INSTRUCTIONS TO FOLLOW:
Please give back the lines from the line containing "Kysen has been" through the end of the listing below, exactly as written and without pictures.

RECORDED INFORMATION:
========
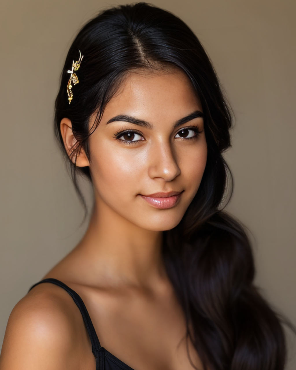 A sleek twisted chignon rests low at the nape, finished in a rich espresso hue and accented with a single gold pin. Understated yet elegant, this style whispers quiet sophistication. A go-to for formal dinners, work functions, or classy date nights.
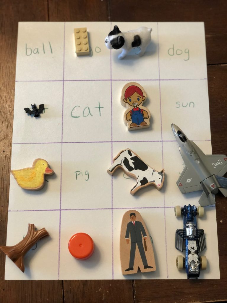 Kysen has been really into reading so I made him a reading scavenger hunt board. He really had fun looking around the house for all the objects! I used mostly CVC words and threw in a couple of words he is familiar with. I would suggest starting with CVC words as they are the easiest to sound out. This would be a fun activity to adapt to virtual learning as well!
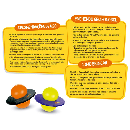 O Pogobol pode ser usado por crianças acima de 05 anos, pesando até 70 kg.
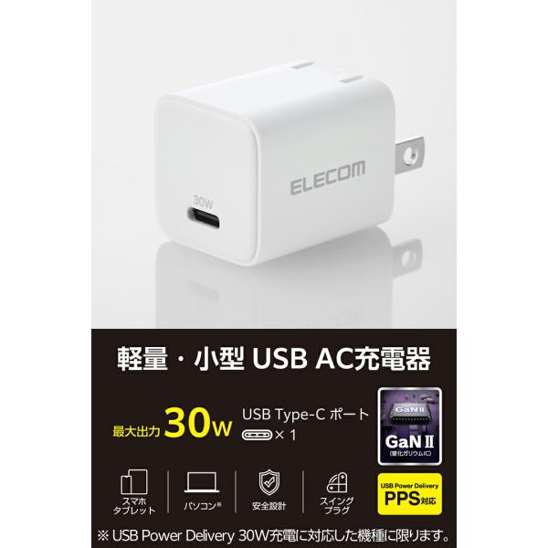 エレコム AC充電器 USB Power Delivery 30W Type-C x 1ポート USB 充電器 ホワイト EC-AC10230WH
========
YOUR SOLUTION:
 Kysen has been really into reading so I made him a reading scavenger hunt board. He really had fun looking around the house for all the objects! I used mostly CVC words and threw in a couple of words he is familiar with. I would suggest starting with CVC words as they are the easiest to sound out. This would be a fun activity to adapt to virtual learning as well!
 O Pogobol pode ser usado por crianças acima de 05 anos, pesando até 70 kg.
 エレコム AC充電器 USB Power Delivery 30W Type-C x 1ポート USB 充電器 ホワイト EC-AC10230WH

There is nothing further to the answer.